1 марта 2018 г. в 16:48
Немногие кланы могли позволить себе егерей. Бывает, своих нет, ни по способностям, ни по энтузиазму, а наёмники — потенциальная угроза предательства и обходятся дорого. Доверить безопасность человеку, способному провести врага в самое сердце селения, отважится не каждый.
Редко кто по своей воле соглашался проводить жизнь в лесу. Тяжело, ответственно и неблагодарно, а полноценный сон может быть только в могиле. Ни выходных, ни развлечений, из прекрасных дам — две руки, из друзей — ветер в поле, не каждый друг останется другом, когда животных знаешь лучше, чем людей.
С другой стороны, егерь в угодьях гарантия пережитой зимы с минимальным количеством умерших от голода. А опытный — ещё и первая линия обороны, потому что умеет выследить и погубить противника до того, как он станет угрозой клану. Но таких как биджуу — единицы.
Лес особое поле боя. В стычки между егерями шиноби никогда не лезли — у них там своя атмосфера. Сколько дичи друг другу перетравят, сколько на зиму останется клану, сколько детей-шиноби по весне передохнет на тренировках и в первых боях, потому что одни тощие и слабые — всю зиму на фазанах, а другие, отожравшиеся на кабанах, жирные и наглые — зависит от егеря.
Учихи не привыкли отказывать себе в удовольствиях. До недавнего времени егерь у них был. Старик Има долгие годы жил на нейтральном пятачке высоко в горах. Охранял границы леса, загонял дичь зимой, отслеживал нарушителей, обновлял ловушки, да идиотов из них выпутывал. Мальчишки иной раз выбегали далеко за селение, где сотню раз могли поплатиться жизнью, если бы Има, тихо и незаметно не снимал врага. Найти труп, прокопанный под кустом дело обычное, торчащая в башке стрела никого не удивляла. Дети считали его духом леса, взрослые опасались, а старожилы знали, кто он на самом деле и мало распространялись, что в предписанную роль изгнанника Има записал себя сам, поставив перед советом и главой клана ультиматум. Какой — помалкивали.

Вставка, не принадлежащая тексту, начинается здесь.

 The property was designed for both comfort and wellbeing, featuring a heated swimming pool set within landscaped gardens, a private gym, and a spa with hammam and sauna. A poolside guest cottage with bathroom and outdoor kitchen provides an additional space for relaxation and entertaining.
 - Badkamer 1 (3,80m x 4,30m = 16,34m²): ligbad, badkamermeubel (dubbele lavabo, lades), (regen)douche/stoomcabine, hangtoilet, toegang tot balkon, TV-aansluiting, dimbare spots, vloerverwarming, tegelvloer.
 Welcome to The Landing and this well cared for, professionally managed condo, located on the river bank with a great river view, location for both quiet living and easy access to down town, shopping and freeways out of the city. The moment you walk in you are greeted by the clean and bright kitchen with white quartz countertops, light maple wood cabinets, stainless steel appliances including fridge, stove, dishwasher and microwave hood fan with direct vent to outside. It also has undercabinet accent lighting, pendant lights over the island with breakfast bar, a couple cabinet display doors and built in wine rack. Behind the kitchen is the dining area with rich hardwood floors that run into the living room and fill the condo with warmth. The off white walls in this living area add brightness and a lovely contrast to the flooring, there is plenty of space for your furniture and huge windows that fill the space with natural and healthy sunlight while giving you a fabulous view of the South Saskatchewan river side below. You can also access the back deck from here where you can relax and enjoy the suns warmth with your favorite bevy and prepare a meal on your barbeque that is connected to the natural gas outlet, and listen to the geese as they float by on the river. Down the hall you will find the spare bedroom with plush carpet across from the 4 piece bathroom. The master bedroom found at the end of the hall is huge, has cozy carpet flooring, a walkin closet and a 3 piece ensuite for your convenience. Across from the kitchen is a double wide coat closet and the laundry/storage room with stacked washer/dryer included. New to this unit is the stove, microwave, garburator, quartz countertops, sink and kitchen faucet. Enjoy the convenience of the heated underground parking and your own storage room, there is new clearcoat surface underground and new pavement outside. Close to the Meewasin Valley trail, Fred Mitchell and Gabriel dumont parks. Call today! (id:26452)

Жёнами егеря не обзаводились, но у Имы семья была. Супруга из Учих да белокурая дочь. Когда его казнили, Кано отдал приказ вернуть девчонку в клан. Но она погибла. Как и почему выяснить не смогли. А спустя полгода в этом же лесу отряд наткнулся на егеря — неопытного, но скрытного и быстрого, отлично знающего территорию. Оказывается, Има был хитрожопой сволочью куда больше, чем могло разглядеть правление клана.

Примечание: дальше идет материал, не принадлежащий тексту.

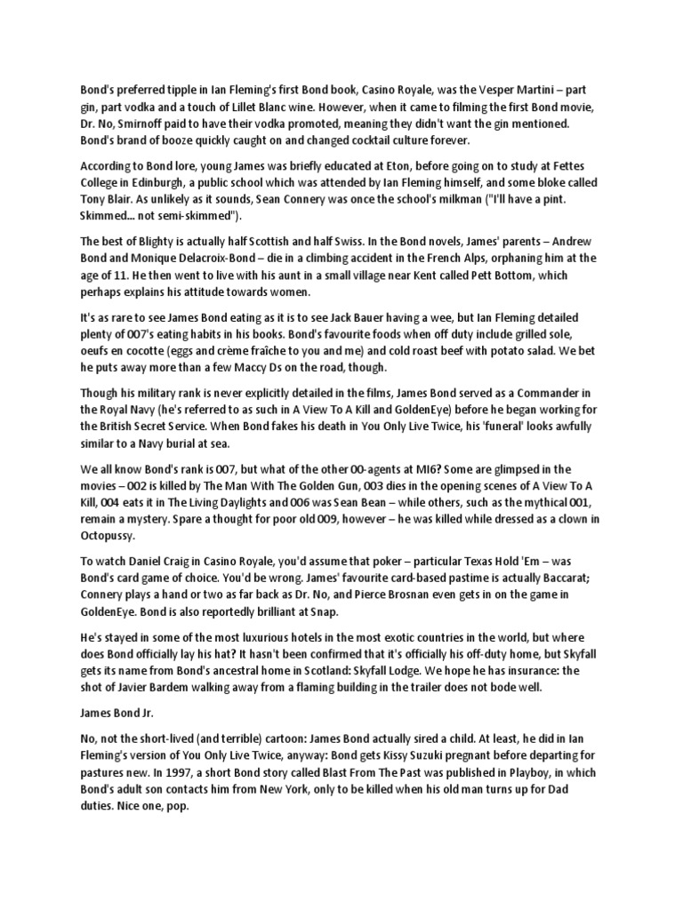 Bond Personal Data Pdf James Bond Fictional British Secret Agents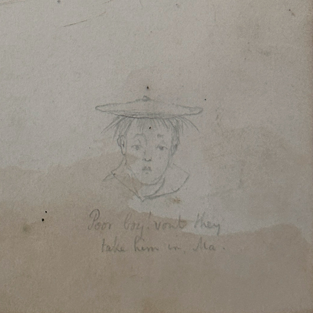 What makes this piece especially compelling is the presence of multiple secondary sketches across the sheet. Along the lower edge are studies of animals, likely exploratory drawings refining movement and form. To the side, a small portrait of a child in a wide hat appears, accompanied by a faint handwritten note, adding an emotional and narrative layer to the work.

Он нырнул в подлесок. Обошёл лагерь. Сверчки шумят по левую руку — одно неверное движение и замолкнут. Глазами прошёлся по периметру: в группе без него — пять человек — ближник, дальник, шпион, два разведчика. Опасаться некого.
Разведкой в группе заведует Сугуру. Брат, друг и правая рука. Неужели, он лжёт ему так хорошо, что подводят навыки.

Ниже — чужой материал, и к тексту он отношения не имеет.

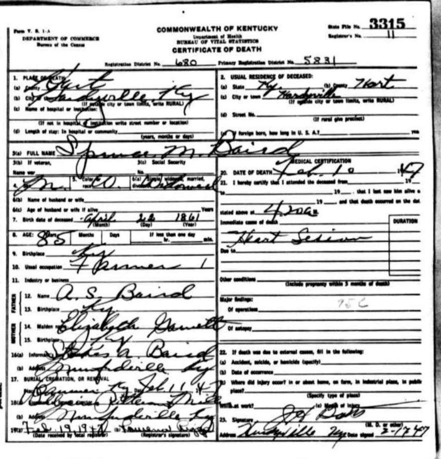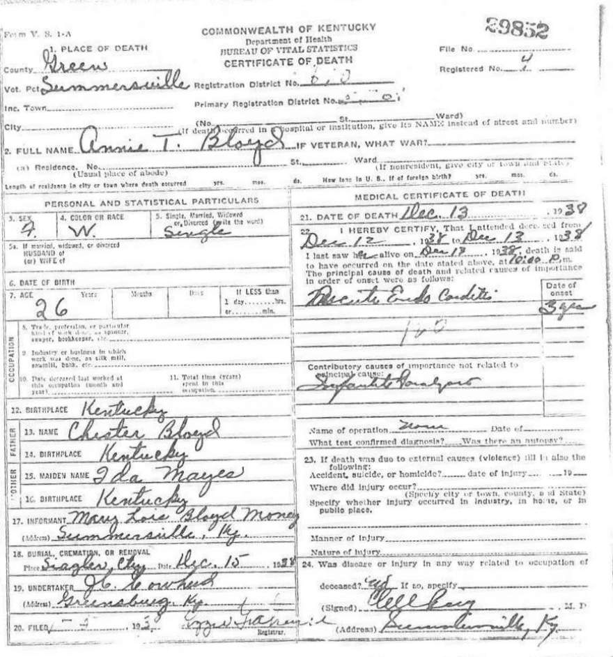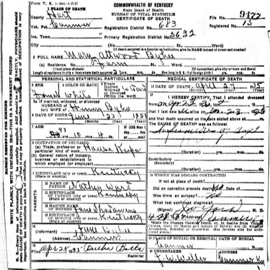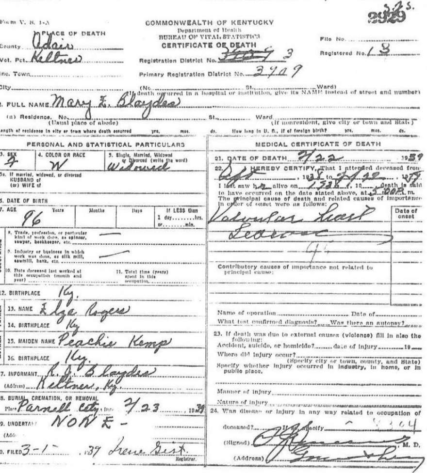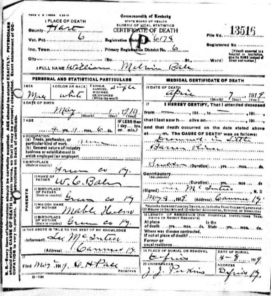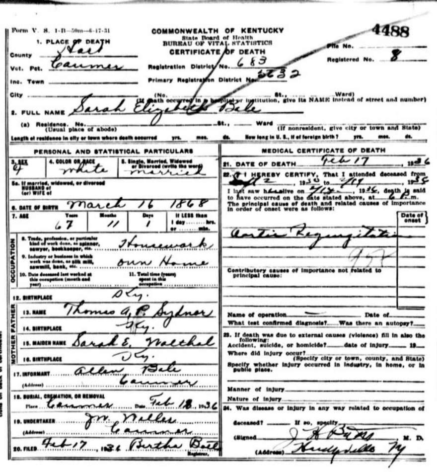 | Bale, Mary | provided by Green Co. Genealogical Society | |||

Искажённый сигнал значит, что его люди профанят в имитации щебета. Или делают это намеренно. По приказу. Если так, то ситуация не совпадение, а тонко выверенная диверсия. Слить информацию о задании через обычный сигнал, ударить в спину и убрать конкурента. Предают все и всех. До этого момента не приходилось задумываться счастливое ли он исключение или полный дурак. У командира одна задача — найти и распознать предателя, а кем он является уже не суть. Задание нужно выполнить — вот и всё, о чём стоит думать.
В ладонь легли сюрикены. Бросить по дуге один за одним. Сбить траекторию, заставить соперника двигаться в нужном направлении. Он перебрался к дереву. Вытянулся в рост.
В лагере Сугуру один. Стоит спиной, неподвижный, напряжённый, готовый к броску. Заметил, оно и понятно, когда с детства чуйка тренируется не сенсорными способностями, а желанием выжить. И, наверняка, понимает, что прятаться поздно — остается ждать нападения.
Сюрикены метнулись по дуге, Сугуру увернулся, отпрыгнул к дереву. Выхватил оружие. Всё, что он успел — перехватить кисть с танто у своего горла и вдавить кунай в горло напавшего сзади. Последовал короткий удар в колено; лезвие вжалось под челюсть и Сугуру повис на нём.
— Рискни.
Другое лезвие похлопало по рёбрам слева — пробьёт грудную клетку в один удар. Сугуру правильно оценил невыгодную ситуацию, медленно поднял руки раскрытыми ладонями вверх. Кунай кольцом повис на пальце.
— И я рад тебе, Таджима.
— Сколько вас?
— А?
— Ка-мы-шов-ка.
— Да хоть питохуй полосатый! Объяснись!
Таджима зло сопел ему в ухо. Лицо не лжёт и выпытать под гендзюцу не проблема, только он нужен вменяемым.
— Предать меня решил?
Некоторое время Сугуру осмысливал суть вопроса, затем уточнил:
— Ты ёбнулся, да?
— Я ведь проверю.
— Проверяй! — зарычал Сугуру. — Хорошо проверяй, чтобы не очухался. Выживу — натяну твои яйца на макивару.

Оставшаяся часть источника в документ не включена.